#### PROBLEM
Quote the whole listing word for word. Do not include the pictures.

___ SUPPLIED INFORMATION ___

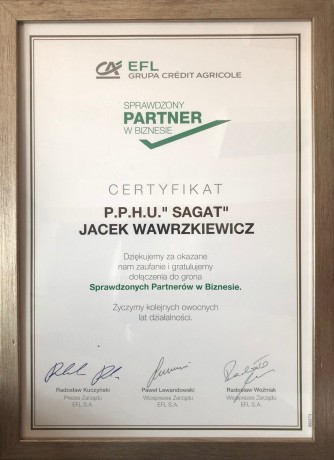 Firma P.P.H.U. SAGAT Jacek Wawrzkiewicz została wyróżniona certyfikatem pt. „Sprawdzony Partner w Biznesie” przez Europejski Fundusz Leasingowy. Ten elitarny tytuł przyznawany jest wyłącznie rzetelnym klientom za wieloletnią współpracę i najwyższą dyscyplinę płatniczą.
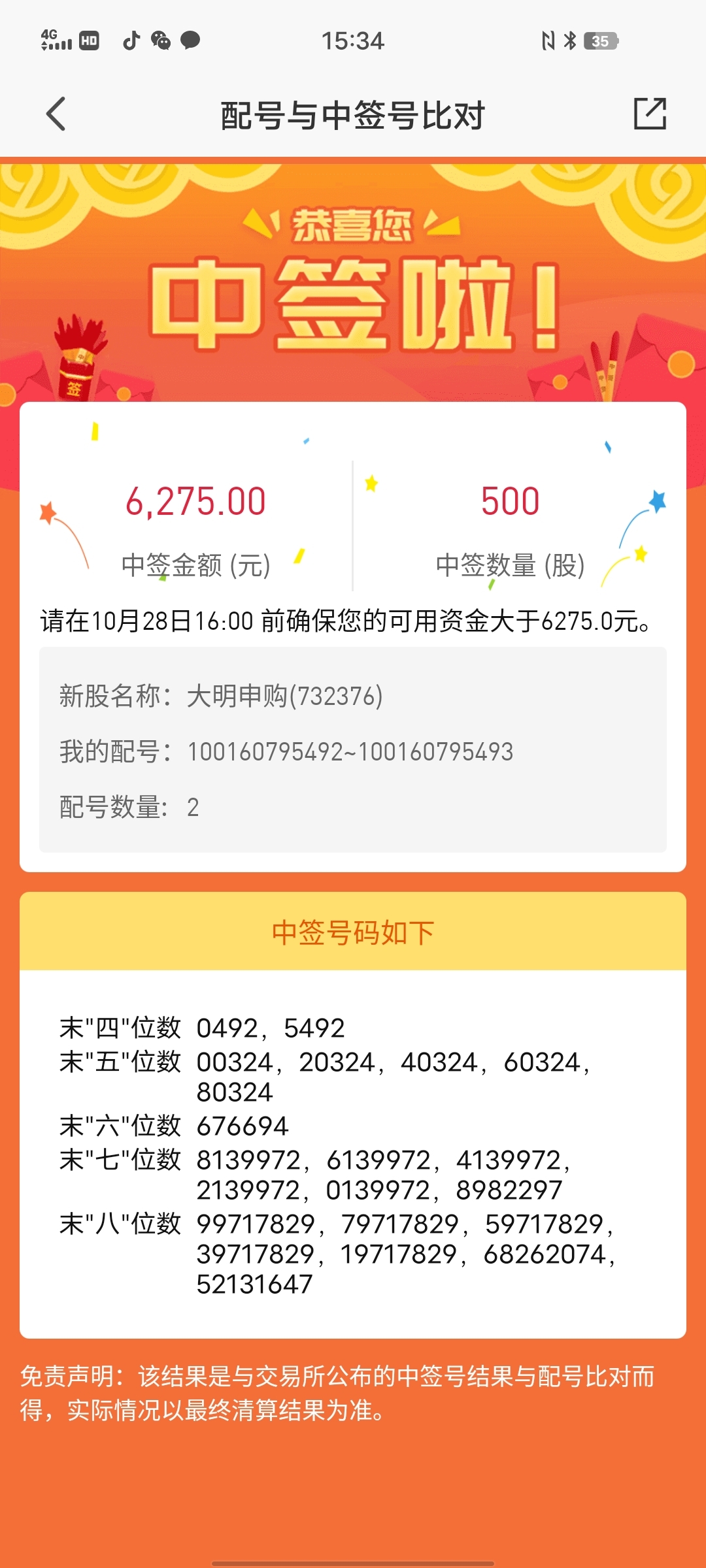 $大明电子(SH603376)$ 来来来,两个号中签了什么运气
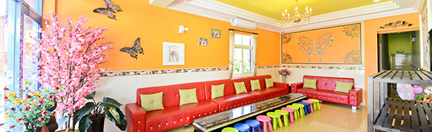 彩色的蝴蝶漫妙飛舞在采蝶法拉的空中花園裡,繽紛的色塊拼湊出 自我風格,在充滿鄉村田園風中另有其它風格的特色房型,義大利文farfalla(蝴蝶)的語調,讓人感受到動靜皆美的花蝴蝶,是另人喜愛的!
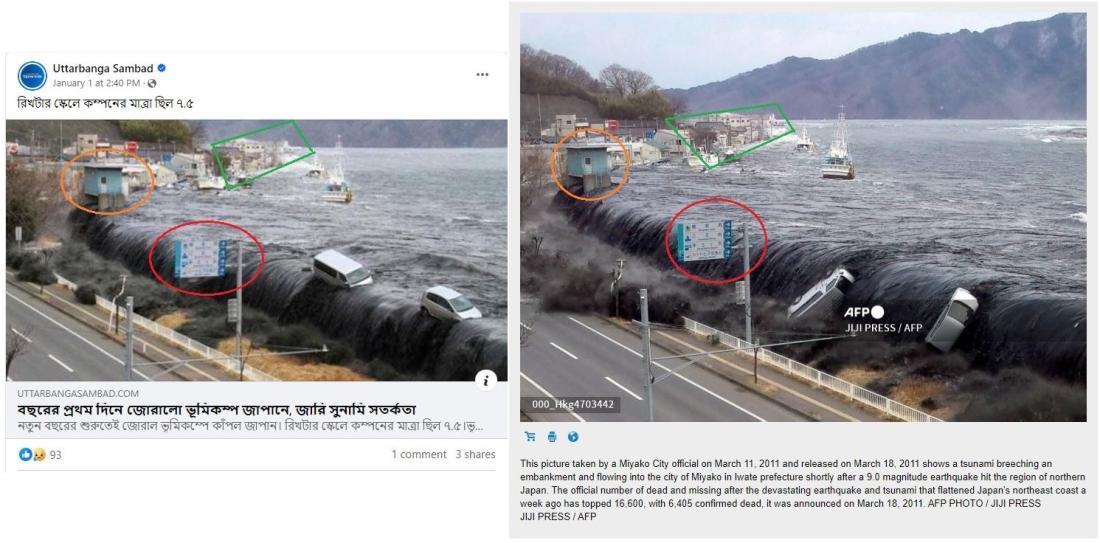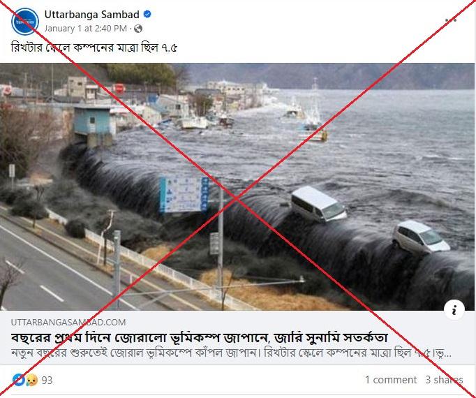 শক্তিশালী সামুদ্রিক ঢেউয়ের সাথে উপকূলীয় বাঁধের ওপর রাখা গাড়ি ভেসে যাওয়ার একটি ছবিকে চলতি বছরের জানুয়ারির ১ তারিখে জাপানে আঘাত হানা সুনামির সাথে অসত্যভাবে সম্পৃক্ত করে বাংলাদেশের সংবাদমাধ্যম এবং সামাজিক মাধ্যমে শেয়ার করা হয়েছে। প্রকৃতপক্ষে, ছবিটি ২০১১ সালে জাপানে আঘাত হানা বিধ্বংসী ভূমিকম্প এবং সুনামির সময় ধারণ করা।

___

#### EXPECTED OUTPUT
 Firma P.P.H.U. SAGAT Jacek Wawrzkiewicz została wyróżniona certyfikatem pt. „Sprawdzony Partner w Biznesie” przez Europejski Fundusz Leasingowy. Ten elitarny tytuł przyznawany jest wyłącznie rzetelnym klientom za wieloletnią współpracę i najwyższą dyscyplinę płatniczą.
 $大明电子(SH603376)$ 来来来,两个号中签了什么运气
 彩色的蝴蝶漫妙飛舞在采蝶法拉的空中花園裡,繽紛的色塊拼湊出 自我風格,在充滿鄉村田園風中另有其它風格的特色房型,義大利文farfalla(蝴蝶)的語調,讓人感受到動靜皆美的花蝴蝶,是另人喜愛的!
 শক্তিশালী সামুদ্রিক ঢেউয়ের সাথে উপকূলীয় বাঁধের ওপর রাখা গাড়ি ভেসে যাওয়ার একটি ছবিকে চলতি বছরের জানুয়ারির ১ তারিখে জাপানে আঘাত হানা সুনামির সাথে অসত্যভাবে সম্পৃক্ত করে বাংলাদেশের সংবাদমাধ্যম এবং সামাজিক মাধ্যমে শেয়ার করা হয়েছে। প্রকৃতপক্ষে, ছবিটি ২০১১ সালে জাপানে আঘাত হানা বিধ্বংসী ভূমিকম্প এবং সুনামির সময় ধারণ করা।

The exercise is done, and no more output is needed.